By using 'rtr[2] - rtr[1]' in the calculation of "into", don't we always end up overestimating the area of the peak?
rtr comes from the medians of other samples, but getChromPeakData integrates using scans found between these limits. So the rt range of where it integrates is notionally smaller than 'rtr[2] - rtr[1]'. In the example above, rtrange is indeed smaller (with unadjusted=FALSE).

Could we iterate over peakArea and calculate new rtmin and rtmax based on the actual rtime?
Code: [Select]
peakArea<-apply(peakArea,1,function(pk) {
    # Get start and end index of rtim between rt range
    rtScans<-range(which(rtim >= pk["rtmin"] & rtim <= pk["rtmax"]))
    # Convert median rt range to actual rt range
    # If the user wants unadjusted rt range give it to them, otherwise just rt range
    if(unadjusted) rtrange<-rtim_unadjusted[rtScans] else rtrange<-rtim[rtScans]
    # Save rt range in peakArea, so it can be used instead of rtr[2]-rtr[1] for res[i,'into']

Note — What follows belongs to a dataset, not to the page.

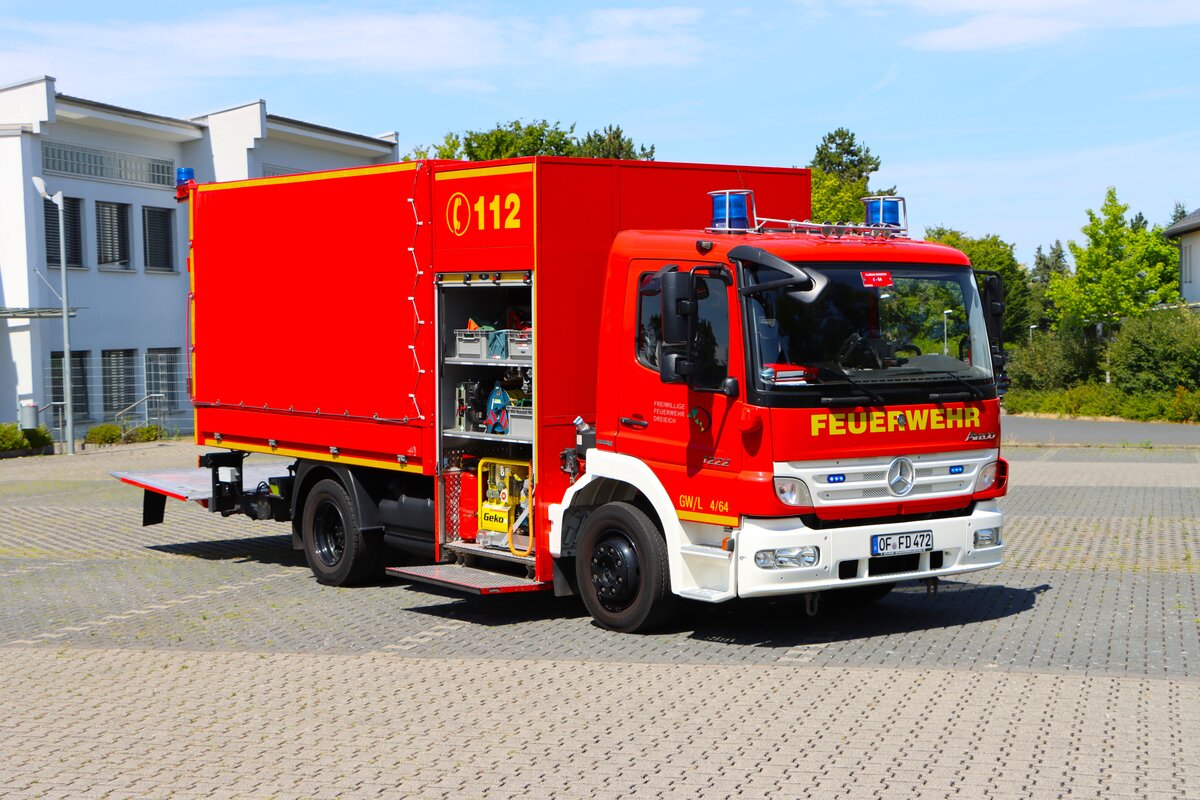 Feuerwehr Dreieich Sprendlingen Mercedes Benz Atego GW-L (Florian Dreieich 4-64-1) am 05.07.25 bei einen Fototermin. Danke für das tolle Shooting

I'm not sure how centWave integrates peaks and how the rtmin and rtmax are chosen. So maybe this doesn't make sense...



Re: Implementing custom retention time alignment algorithms

Reply #5
Thanks for sharing your ideas. If you would like some changes in xcms I would however appreciate if you open an issue at the xcms github repository as this enables me also to keep track of what to do (and what was done) - a pull request would actually be even better ;)

Regarding the code in xcms centWave - I did not write that code and I am veeerrry hesitant to change anything within it as this will affect all xcms users.

thanks again, jo

Re: Implementing custom retention time alignment algorithms

Reply #6
Thanks Johannes,

I'll take a look at making the changes and generating a pull request (never done one before).

No problem regarding xcms centWave. I don't think I'd be brave enough to suggest changes there.